The second question one can ask is what proteins are affected by diet when only considering, this time, a long diet duration. Following the same approach as above, the contrast becomes.
hypothesis2 <- "ridgeDietLF = 0"We run the same statistical analysis pipeline as above.
L <- makeContrast(
hypothesis2,
parameterNames = c("ridgeDietLF","ridgeDurationShort","ridgeDietLF:DurationShort")
)
mouse <- hypothesisTest(
mouse, i = "proteins_msqrob", L, modelColumn = "msqrob_psm"
)
inference <- rowData(mouse[["proteins_msqrob"]])[[colnames(L)]]
inference$Protein <- rownames(inference)And we plot the results.
ggplot(inference) +
aes(x = logFC, y = -log10(adjPval)) +
geom_hline(yintercept = -log10(0.05)) +
geom_text_repel(data = filter(inference, adjPval < 0.05),
aes(label = Protein)) +
geom_point() +
ggtitle("Statistical inference on differences between LF and HF (long duration)",
paste("Hypothesis test:", colnames(L), "= 0"))
Again, only a few proteins come out differentially abundant between the two diets, but after a long diet duration. Surprisingly, there is only a small overlap between differential protein after short duration and after long duration. One hypothesis is that there is not sufficient data to detect a reliable difference.
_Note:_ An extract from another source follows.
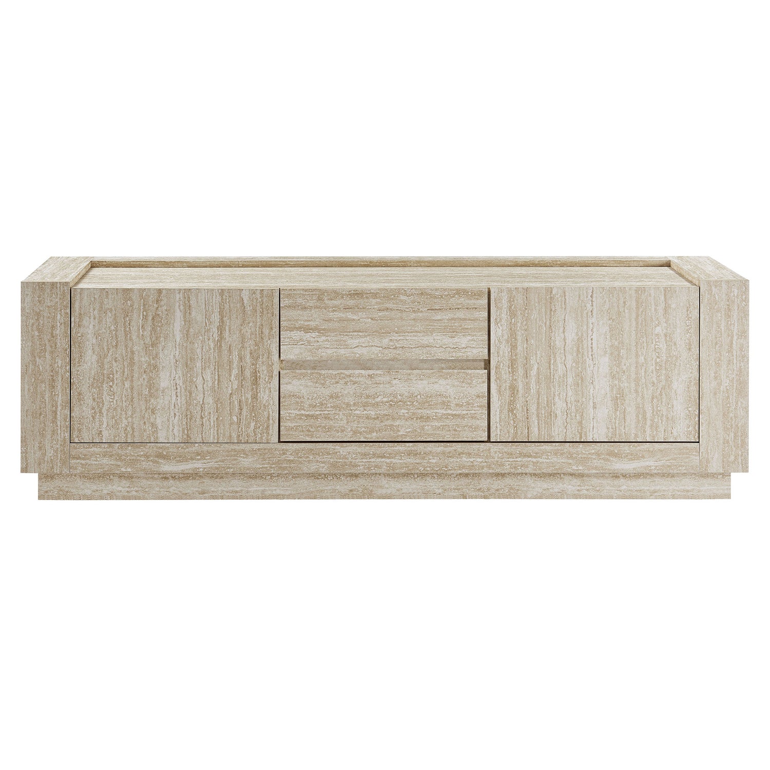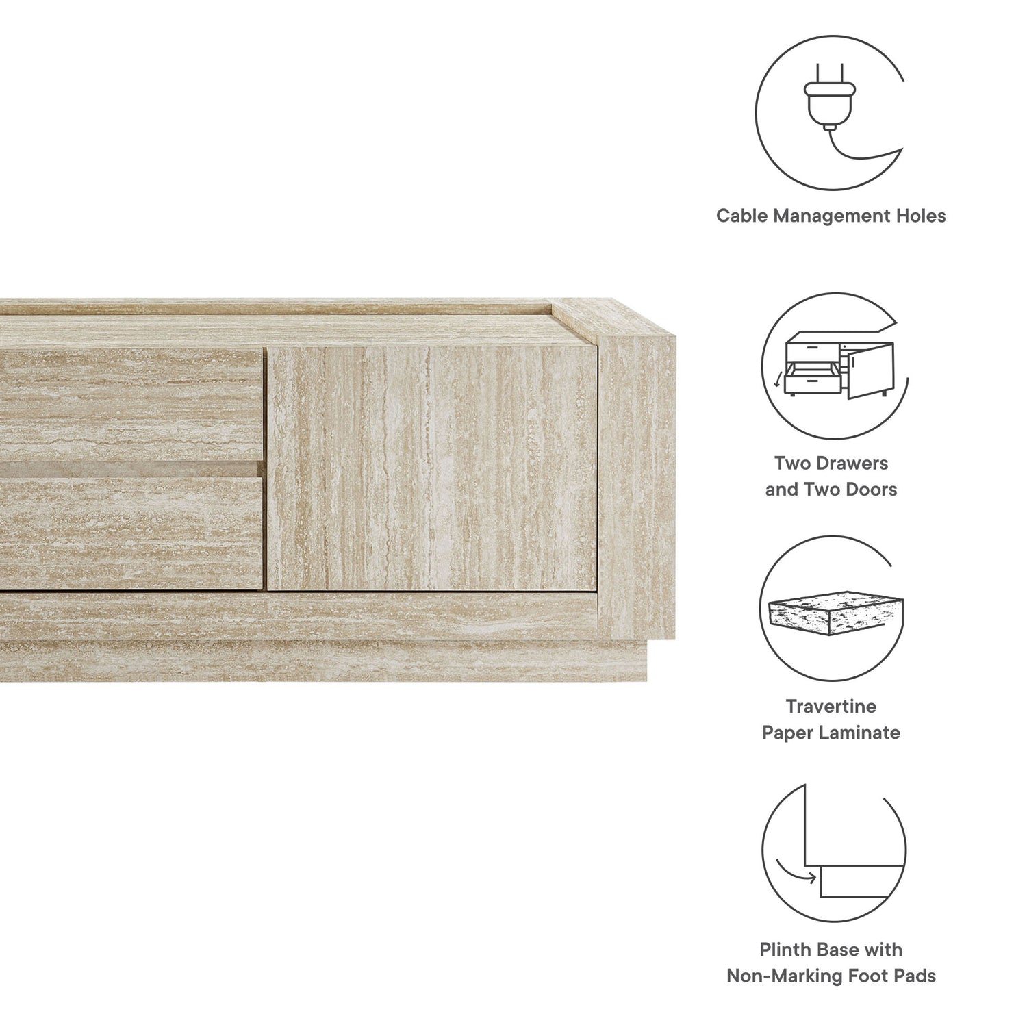 Bring a fresh look to your home with the Hollis Modern TV Stand, a 59-inch media console designed to balance functionality and style. Featuring a sleek travertine laminate finish, this TV stand provides ample storage for all your media essentials and serves as a stylish TV cabinet for your wall-mounted TV. It has 2 doors and 2 drawers, with the interior featuring fixed shelving and deep drawers, allowing you to store electronics, media equipment, or decor with ease. The Hollis low profile TV stand provides versatile storage options while maintaining a clean and contemporary look. Its plinth base and non-marking foot pads ensure stability and floor protection, creating a beautiful entertainment center that complements your home�s decor. This floor TV cabinet is the storage solution you need every day to keep your space tidy and organized. Top Panel Weight Capacity: 271 lbs, Shelves: 44 lbs.

A solution would be to combine both short and long diet duration to retrieve an averaged systematic effect between diets that combine all available data. Another hypothesis is that diet duration may influence the effect of diet on the protein abundances. We will explore the two hypothesis in the following two sub-sections.
One may want to identify the set of proteins that are systematically
differentially abundant between diets, irrespective of the duration. To
answer this question, we want to infer on the average difference between
group LF and group HF. The average low-fat
diet is defined by
((Intercept) + DietLF + DurationShort + DietLF:DurationShort + (Intercept) + DietLF)/2.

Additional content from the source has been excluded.